To investigate the amyloidogenic potential of the N terminus, we generated a synthetic 17 aa peptide containing the second predicted amyloid domain (GVLSGNVVQVPVHVPVN) (Fig. 1). This peptide effectively bound ThT with a reproducible biphasic fluorescence profile (Fig. 6A), and could robustly seed the polymerization of full length ChpH fibers (Fig. 2B). These characteristics suggested it had a major role in promoting ChpH amyloid formation. Structural analyses suggested that this peptide began adopting β-structure by 24 h, and became more structured over time (Fig. 6B). Interestingly, the N-terminal peptide fiber morphology was unique: negatively stained electron micrographs revealed long, straight filament bundles (Fig. 6C, Fig. S1) that did not associate further into the three-dimensional tangles seen for the other wild type ChpH peptides. This morphology did not change significantly over time (Fig. S2). We tested the ability of these fibers to withstand protease treatment, and like the others, they were resistant to the effects of Proteinase K (Fig. S3). Our results, therefore, show that ChpH has two independent amyloidogenic regions, with each being sufficient to induce amyloid fiber formation, but both apparently being required to produce the dense polymers observed for the mature ChpH.
Discussion
The chaplins are members of a growing class of functional amyloids (26). Until now, there has been little understood about the sequences responsible for chaplin amyloid formation, and the extent to which the chaplin amyloid properties contributed to their morphogenetic function. Here, we provide direct evidence linking chaplin amyloid formation to aerial development, and identify two amyloid domains that contribute differentially to the functioning of ChpH.

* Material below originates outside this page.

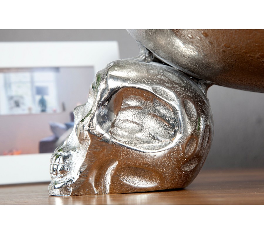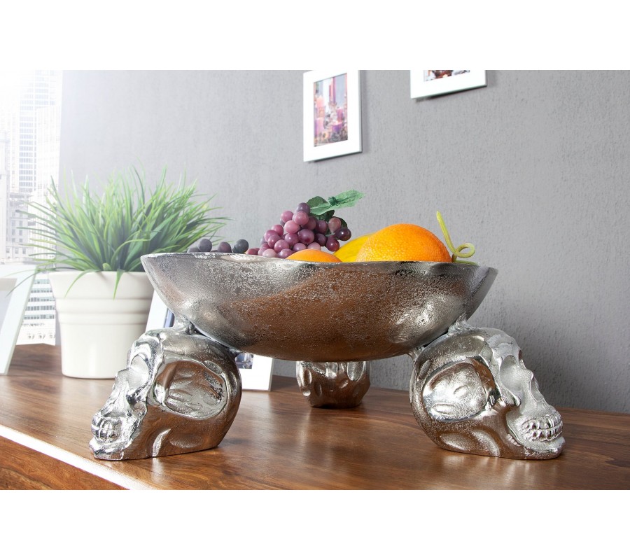 Extravagantná originálna dekoračná misa na ovocie Lebka 35cm strieborná

Amyloid formation is often promoted by short contiguous sequences within a larger protein context (18, 19). Both ChpH amyloid domains correspond to regions predicted to adopt β-strands; a third predicted β-strand at the extreme N terminus of the mature protein was not required for ChpH activity. The chaplins are not unique in having multiple amyloid domains. The curli protein CsgA from E. coli contains several amyloidogenic domains: at least three domains can form amyloids in vitro, but only two are critical for in vivo amyloid formation (27, 28). A similar architecture has been observed for the type II diabetes-associated amyloid, human islet amyloid polypeptide (hIAPP). This peptide has three amyloid domains (29–31), with each domain containing a predicted β-strand. While discrete functions have not been ascribed to the different curli amyloid domains, the N terminus of hIAPP (amyloid domain 1) can disrupt membrane activity, suggesting that there may be functional differentiation of the domains in hIAPP. A similar situation exists for ChpH, where both amyloid domains are required for aerial hypha formation, but the C-terminal domain makes a greater contribution to rodlet assembly. This functional specialization is further reflected in the different polymerization and morphological features exhibited by each domain in vitro (Fig. S1).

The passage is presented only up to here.